The Problem With Net Zero
You’ve probably heard of a sticky little concept known as net-zero emissions: If you put any carbon into the atmosphere, you have to take the same amount out. On Monday at COP26, India’s Prime Minister, Narendra Modi, announced that his country would reach that goal by the year 2070. Earlier this year, President Joe Biden said the United States would do the same by 2050, a goal the UK has also pledged to achieve.It’s a popular idea, although it’s based on achieving the bare minimum. “I think the main reason we're going probably see a lot of discussion about it at COP26, and certainly going forward, is that the world continues to pay lip service to the idea of limiting warming to one and a half degrees,” says Zeke Hausfather, a climate scientist and the director of climate and energy at the advocacy group the Breakthrough Institute.The problem with net zero is that it doesn’t mean that these countries will stop spewing greenhouse gases by those target dates. It just means that by that point, they won’t be adding any to the atmosphere in aggregate. Net-zero can be a cop-out, because it allows nations to keep polluting so long as they’re also capturing that pollution. It’s a bit like trying to drain a bathtub with the tap still running full blast.

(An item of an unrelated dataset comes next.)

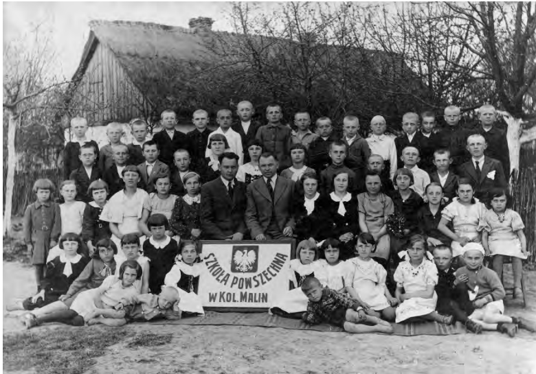
Figure 6: Class photograph from interwar Poland, likely 1936.

It might even encourage nations to keep spewing greenhouse gases, so long as they’re also sequestering them. Or a country might make a big deal about offshoring its carbon-intensive industries like steel production, disavow all those emissions, and then just import those materials anyway. Corporations, too, aren’t incentivized to actually reduce their emissions if they can just buy carbon credits . “It is absolutely a very reasonable concern and something we all have to guard against,” says Angela Anderson, director of industrial innovation and carbon removal at the nonprofit World Resources Institute, “the temptation and certainly the desire by some interests in the fossil fuel industry to not have to reduce emissions to preserve their existing business plans.”